▶ **Input data**:
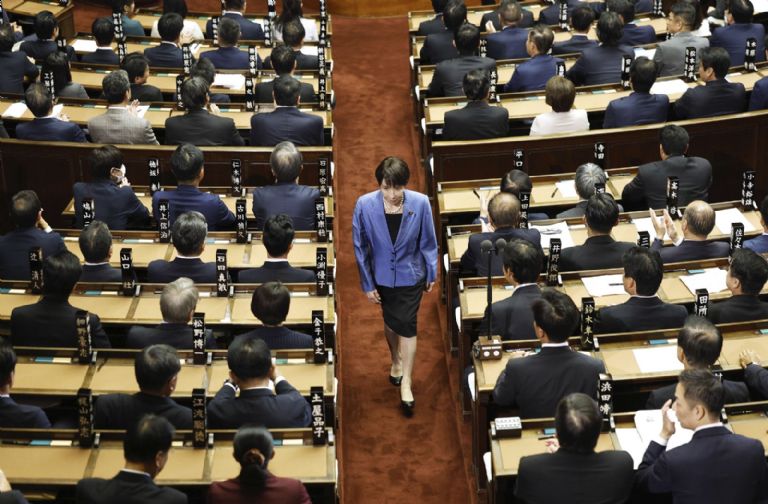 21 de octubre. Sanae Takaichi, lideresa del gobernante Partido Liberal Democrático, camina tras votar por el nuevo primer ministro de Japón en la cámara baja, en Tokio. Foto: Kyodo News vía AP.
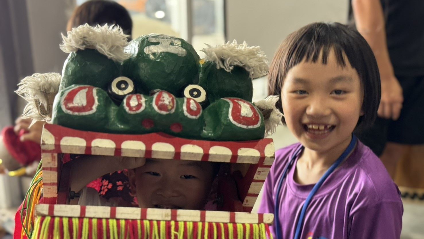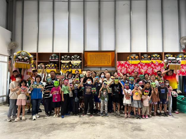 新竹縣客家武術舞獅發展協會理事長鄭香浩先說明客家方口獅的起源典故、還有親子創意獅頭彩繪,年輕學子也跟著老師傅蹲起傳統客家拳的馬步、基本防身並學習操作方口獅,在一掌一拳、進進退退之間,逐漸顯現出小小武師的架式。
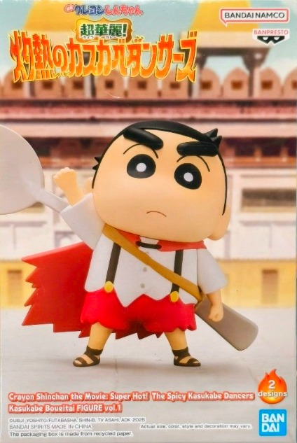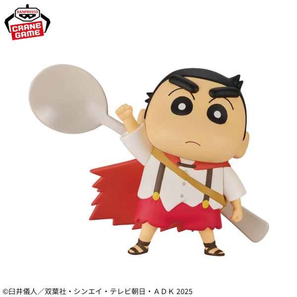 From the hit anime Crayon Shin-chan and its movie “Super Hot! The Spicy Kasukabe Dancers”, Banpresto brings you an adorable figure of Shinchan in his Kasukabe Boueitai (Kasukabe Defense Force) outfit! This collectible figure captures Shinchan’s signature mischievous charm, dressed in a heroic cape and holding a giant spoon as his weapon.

▶ **What is being asked**:
All of the data needs repeating exactly, but the pictures do not.

▶ **Exercise result**:
 21 de octubre. Sanae Takaichi, lideresa del gobernante Partido Liberal Democrático, camina tras votar por el nuevo primer ministro de Japón en la cámara baja, en Tokio. Foto: Kyodo News vía AP.
 新竹縣客家武術舞獅發展協會理事長鄭香浩先說明客家方口獅的起源典故、還有親子創意獅頭彩繪,年輕學子也跟著老師傅蹲起傳統客家拳的馬步、基本防身並學習操作方口獅,在一掌一拳、進進退退之間,逐漸顯現出小小武師的架式。
 From the hit anime Crayon Shin-chan and its movie “Super Hot! The Spicy Kasukabe Dancers”, Banpresto brings you an adorable figure of Shinchan in his Kasukabe Boueitai (Kasukabe Defense Force) outfit! This collectible figure captures Shinchan’s signature mischievous charm, dressed in a heroic cape and holding a giant spoon as his weapon.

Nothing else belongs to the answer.